Affiliate Disclosure
If you buy through our links, we may get a commission. Read our ethics policy.

Proposed Australian law forces tech companies to decrypt customer messages

Last updated

The Australian government on Friday proposed a set of new cybersecurity measures that would compel technology companies like Apple to provide law enforcement agencies access to encrypted customer messages.

Looking to combat a global rise in terror attacks, which in some cases were planned and carried out with the help of encrypted messaging apps and services, Australia will in November propose a law that grants courts power to compel tech companies to decrypt communications, the Associated Press reports.

Currently, Australian law requires telephone companies aid in law enforcement operations by providing access to communications when obliged to do so via court order. According to Prime Minister Malcolm Turnbull, the new law places the same requirements on tech companies like Apple, Facebook and Google, which market messaging services with end-to-end encryption.

"We've got a real problem in that the law enforcement agencies are increasingly unable to find out what terrorists and drug traffickers and pedophile rings are up to because of the very high levels of encryption," Turnbull said in a statement to reporters. "Where we can compel it, we will, but we will need the cooperation from the tech companies."

Similar laws are enforced across the Western world, but Australia's proposal seems more aggressive than U.S. legislation. The Australian government agrees, saying the new law would be modeled after the UK's Investigatory Powers Act recently passed by the British Parliament in November.

Dubbed the "Snooper's Charter," the act furnishes government agencies wide latitude with which to eavesdrop on suspected criminals. Provisions of the act allow UK agencies to carry out targeted and bulk data collection operations, equipment hacking, data and communications interception, decryption and more.

Unlike the Australian law, however, the UK Investigatory Powers Act does not require foreign companies to decrypt communications or participate in data collection procedures.

Expecting resistance from tech companies based in the U.S., Turnbull in his statement said the firms "know morally they should" cooperate with government agencies.

"There is a culture, particularly in the United States, a very libertarian culture, which is quite anti-government in the tech sector," he said. "We need to say with one voice to Silicon Valley and its emulators: All right, you've devised these great platforms, now you've got to help us to ensure that the rule of law prevails.'"

Australia's Attorney-General George Brandis said he believes the new law can be implemented without building backdoors into encrypted platforms, a technique widely panned by service providers who the technique inherently weakens security. Apple, for instance, has long declined to build in backdoors to iMessage, iCloud and its other network offerings, citing consumer privacy concerns.

Last year, Apple found itself embroiled in an intense debate over strong device encryption when it refused to comply with a federal court order mandating it help the U.S. Federal Bureau of Investigation unlock an iPhone connected to the San Bernardino terror attack. At the time, Apple argued that bypassing iPhone's security protocols, even for a single device, was dangerous and would put millions of iOS users at risk.



67 Comments

irnchriz 17 Years · 1595 comments

That’s fine, Apple can just say, “ok, we will try to crack the encryption of these messages, should get back to you in about 6 billion years once it’s finished”

sennen 18 Years · 1469 comments

Trumble's definition of a back door is inventive.

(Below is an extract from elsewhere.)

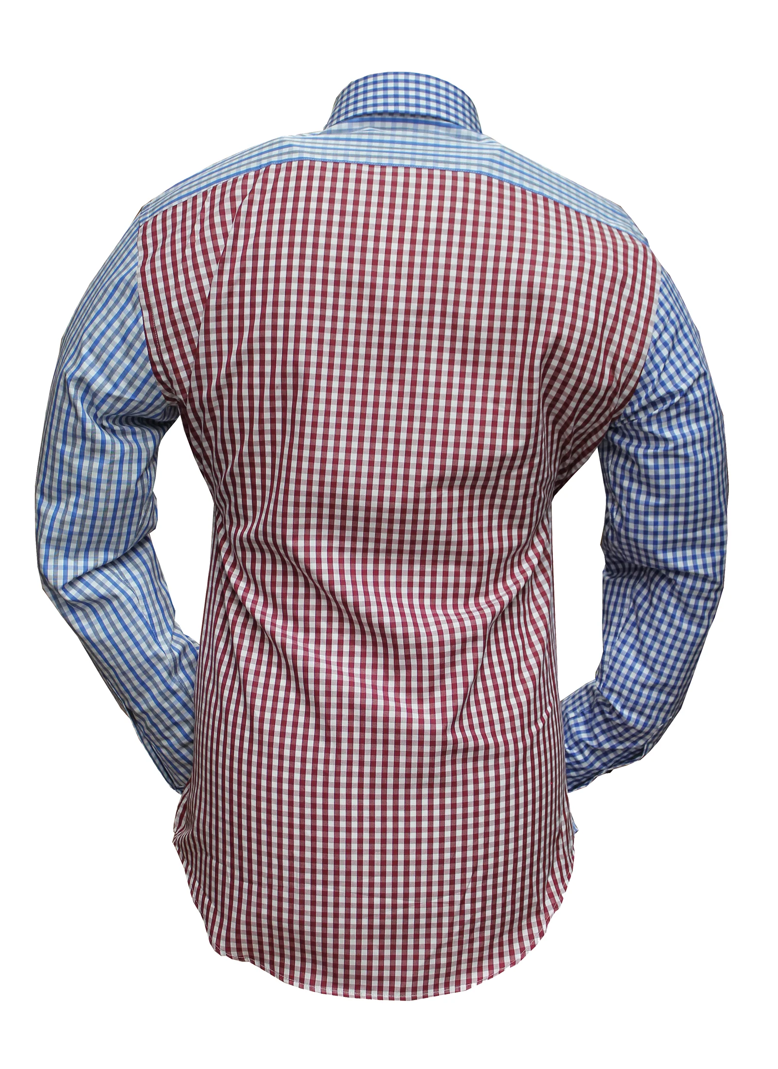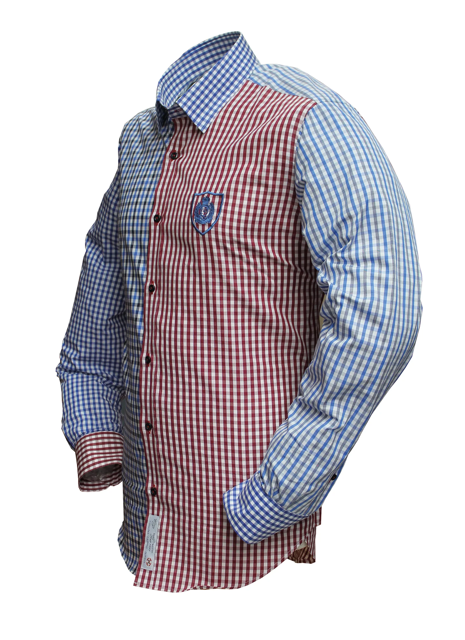 Chemise sport chic patchwork rouge et bleu
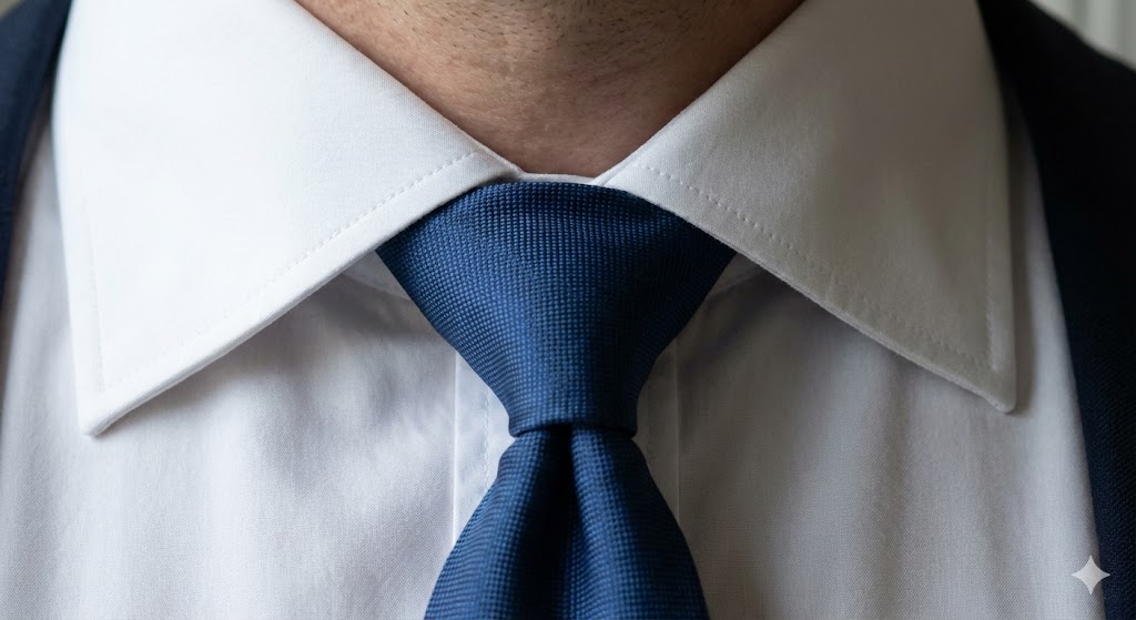 × レギュラーカラー(狭い襟): 最も一般的な襟型ですが、襟の開き角度が狭いため、顔の横幅がはみ出して見えてしまいます。 顔の大きさが強調され、「丸顔」や「エラ張り」が目立つ原因になります。

This is a good read as well: https://www.theregister.co.uk/2017/07/07/oz_governments_definition_of_backdoor/

planetary paul 10 Years · 143 comments

"We've got a real problem in that...." we can no longer see what our population is up to, due to this encryption thingy and that scares us shitless. So we flash the crime-, pedo- and terrorists cards as leverage to get it mitigated.

CelTan 8 Years · 46 comments

When will people understand that less privacy does not mean more safety?
I had this discussion this week twice and each time the terrorist card was played:
"If the government reading my iMessage just stops 1 terror attack then I am happy to give up my privacy!" 
Great in theory and if the magic would exist to keep it "good governments" only and if I would believe it would stop a single incident, then I may even be persuaded.

Herein lies the tri-fold issue:
1. This magic does not exist - it will get out and will get exploited. It's either total encryption or none
2. There are not so good governments, and you can't really say: Australia is nice, but I don't give it to North Korea (anybody having issues with North Korea reading their communications? 
3. Once all the big messaging providers comply, the 'bad guys' will just make their own little encryption up and load it on their android cheap phones. - IE: They can still communicate 'securely' while the rest of the 'good people' are exposed.

Funny enough the "I don't need privacy" people I talked to did not understand any of the above points.